Tanto quiseram dar a liderança a O’Connor que se esqueceram de perseguir O’Connor. Resultado? O’Connor lidera a Vuelta com 4,51’ de vantagem
Tim de Waele/Getty
Dar tanta margem a um homem que já foi 4.º no Giro e no Tour não parece boa ideia. Entre a audácia e talento do australiano da Decathlon AG2R, protagonista de uma fuga épica, e a inércia do pelotão, que se foi entre-olhando, cozinhou-se uma inesperada situação na Vuelta: O’Connor venceu a 6.ª etapa, ganhando 6,47 minutos de vantagem para os favoritos. João Almeida é 3.º classificado da geral
Entre o calor e a muita montanha que falta por disputar numa Vuelta que ainda nem chegou ao seu terço inicial, a 6.ª etapa da corrida espanhola apresentava-se como uma das clássicas jornadas de transição. Um dia para fuga, uma tirada de alguma calma entre os homens da geral, um cenário que até parecia convidar a Red Bull, detentora da liderança com Primoz Roglic, a aceitar ceder de bom grado esse 1.º lugar da geral, passando, por alguns dias, as responsabilidades da camisola vermelha para os ombros de outras equipas.
O guião, no ondulado percurso entre Jérez de la Frontera e Yunquera, começou por ser cumprido. Fuga na frente, tranquilidade no pelotão atrás.
Fuga cada vez com mais minutos na frente. Tranquilidade a mais no pelotão. Deixar andar, deixar ir. Mais minutos na frente, se calhar a tranquilidade atrás era mesmo excessiva.
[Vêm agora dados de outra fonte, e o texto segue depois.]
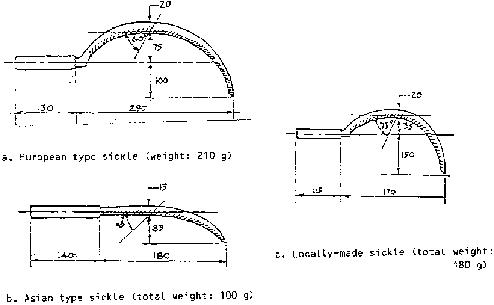 In conclusion, the introduction of the new type of sickle, where local culture permits it, improves productivity and indirectly reduces post-harvest losses.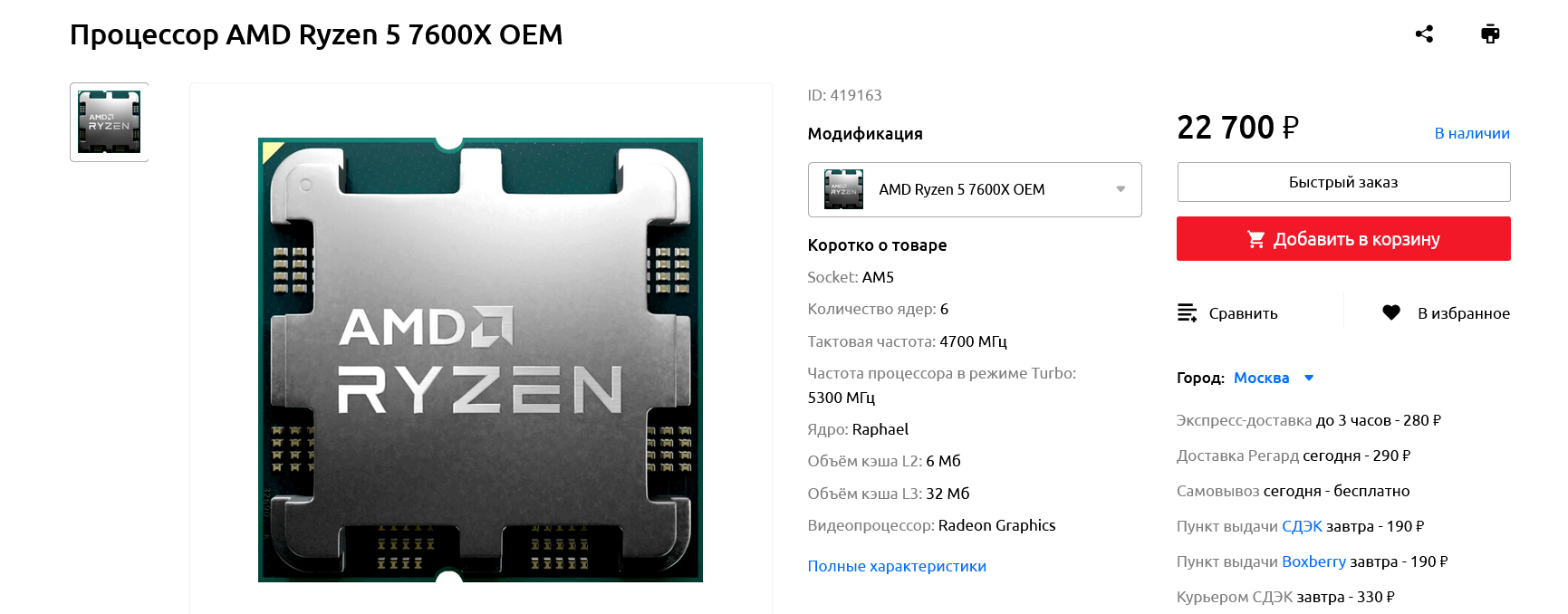 Ryzen 5 7600X имеет всего шесть ядер, но в играх обгоняет не только восьмиядерный Ryzen 7 5700X, но и Ryzen 9 5950X с 16-ю ядрами. Но материнская плата и память для него обойдутся дороже — это нужно учитывать. С ним вместе будет отлично смотреться Radeon RX 6700, видеокарта с 10 ГБ видеопамяти, которая стала отличным конкурентом в играх для более дорогих GeForce RTX 4060 Ti, но, только без активации трассировки лучей.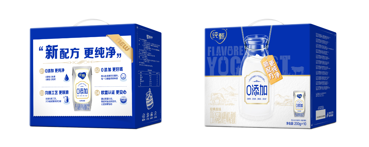 除了配方与工艺上的创新升级,纯甄0添加酸奶还获得了欧盟标准认证。不仅如此,在纯甄0添加酸奶包装上,其配料表十分清晰,一眼就懂。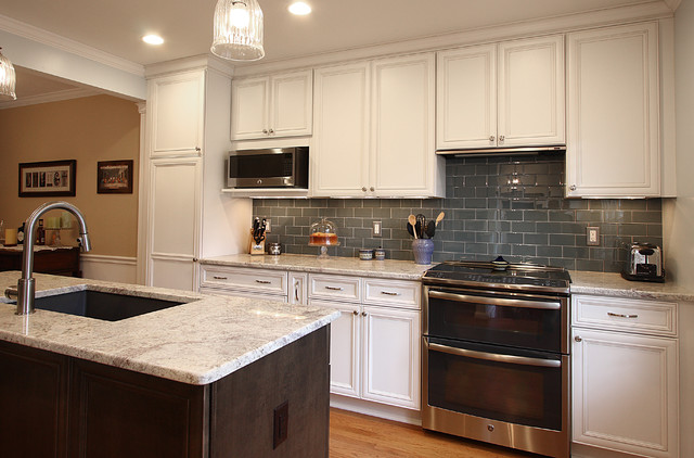 Here is an example of white kitchen with grey glass subway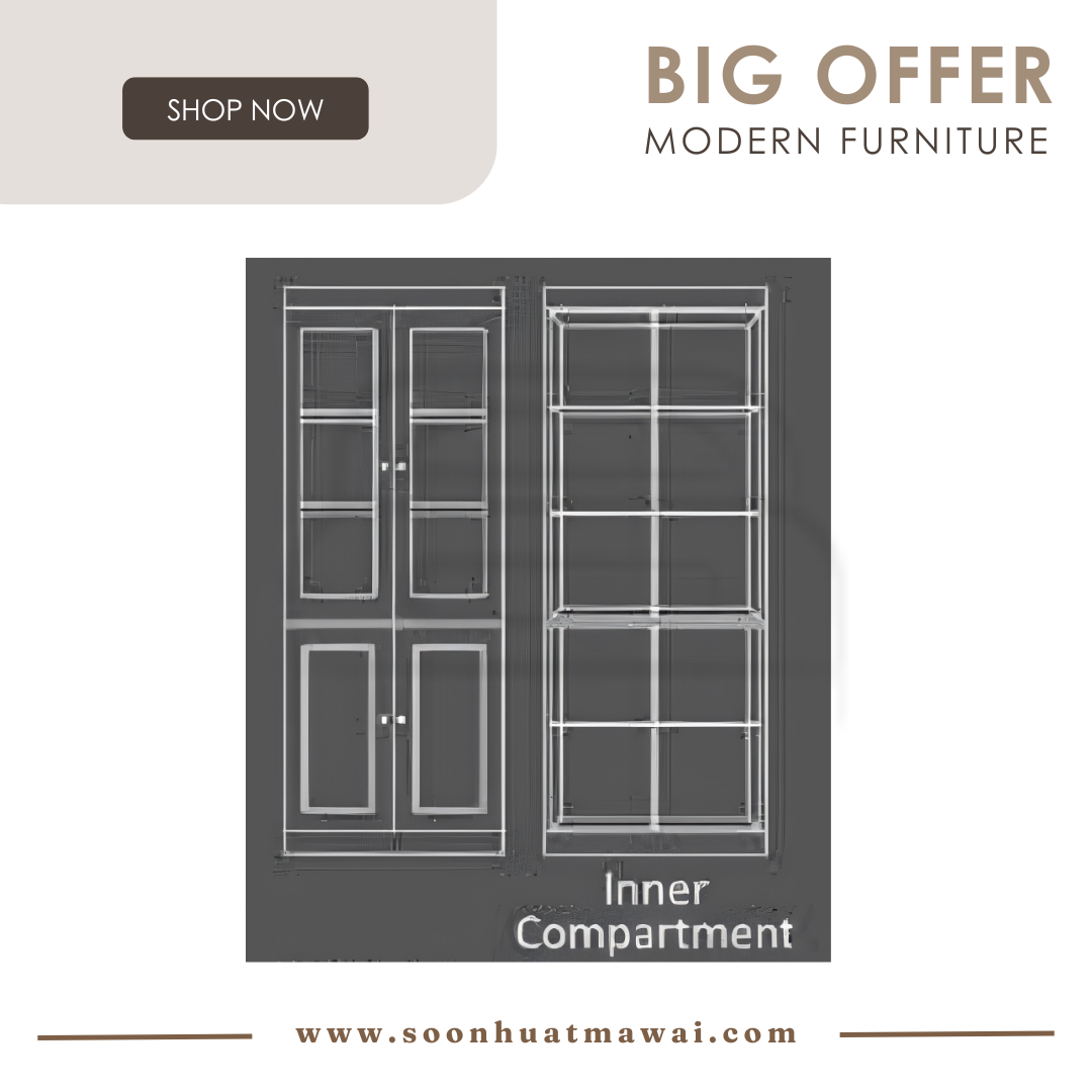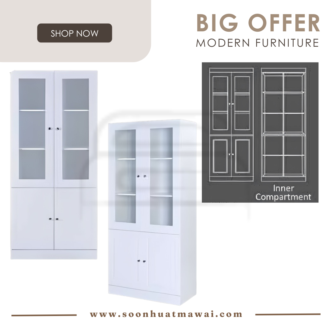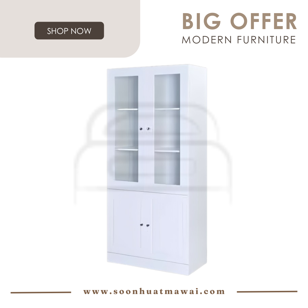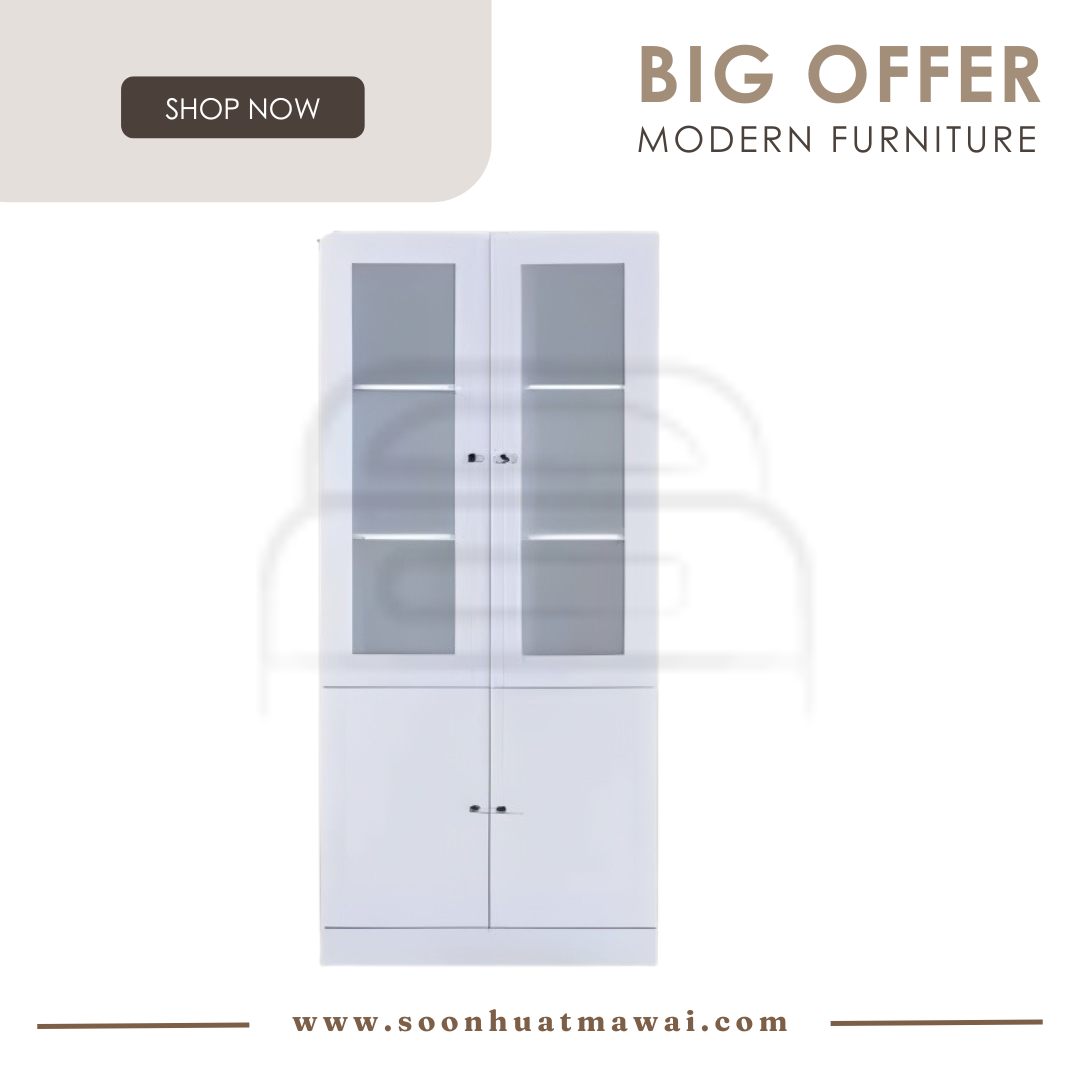 CT3049 BOOK SHELF 2 DOOR BOOKSHELF SIZE: H1810 L810 D400 COLOUR: WHITE

Talvez tenham deixado muita margem para quem já demonstrou ser um corredor de muito bom nível. Tão focados em cederem a liderança, deixaram-na para quem pode ser, tendo obtido tamanha vantagem, um adversário difícil de lá tirar.
Ben O'Connor já venceu etapas no Giro e no Tour. Foi 4.º na corrida italiana este ano e 4.º na competição francesa em 2021. Mas deixaram-no ir. E ele aceitou a liberdade para ir na fuga.
Não se pense que foi só a passividade do pelotão a pesar. O australiano da Decatlhon AG2R revelou audácia para atacar perante o calor, coragem para ir em solitário e pernas, muitas pernas, pernas daquelas com que os corredores sonham ter num dia em que tudo sai bem. Teve autorização para voar, mas voou, que não haja dúvidas disso.
Quando aterrou, venceu a etapa com 6,31 de vantagem para o grupo onde seguiam os favoritos à geral. Somando as bonificações, ganhou 6,47 minutos a Roglic, João Almeida e companhia.
Como Roglic queria, a camisola vermelha já não é dele. Como Roglic não queria, a camisola vermelha é de Ben O'Connor com 4,51 minutos de vantagem para o esloveno. João Almeida é 3.º, a 4,59' do australiano.
Depois do original — chamemos-lhe original, à falta de melhor adjetivo — começo de etapa num hipermercado, partida que se deveu a motivos publicitários, os primeiros quilómetros foram de várias tentativas de fugas, escapadas que antecederam a que viria a vingar. Aquela que tinha Ben O'Connor.
Quando o grupo superou os cinco minutos de vantagem, os alarmes começaram a soar. A UAE-Emirates começou a reagir, Roglic falava pela rádio com o carro da Red Bull. No entanto, eram perseguições muito a olhar para o lado, mais não querendo gastar mais energias do que o adversário do que propriamente querendo perseguir O'Connor.
O'Connor, esse, nunca parou. Fez daqueles ataques de seguir sem olhar para trás, andando quilómetros e quilómetros em solitário. No pelotão, a perseguição era tímida e a margem foi avançando, terminando quase em sete minutos.
Com esta tirada, as bases em que se correrá o resto da Vuelta ficam profundamente alteradas. Ter um homem com a qualidade do australiano com quase uma mão-cheia de minutos de vantagem tornará as próximas etapas numa perseguição a O'Connor, tentando aferir a dimensão do erro que foi causado.
A 7.ª liga Archidona a Córdoba, de 180,5 quilómetros sem grandes dificuldades de montanha, a qual regressará em força no fim de semana.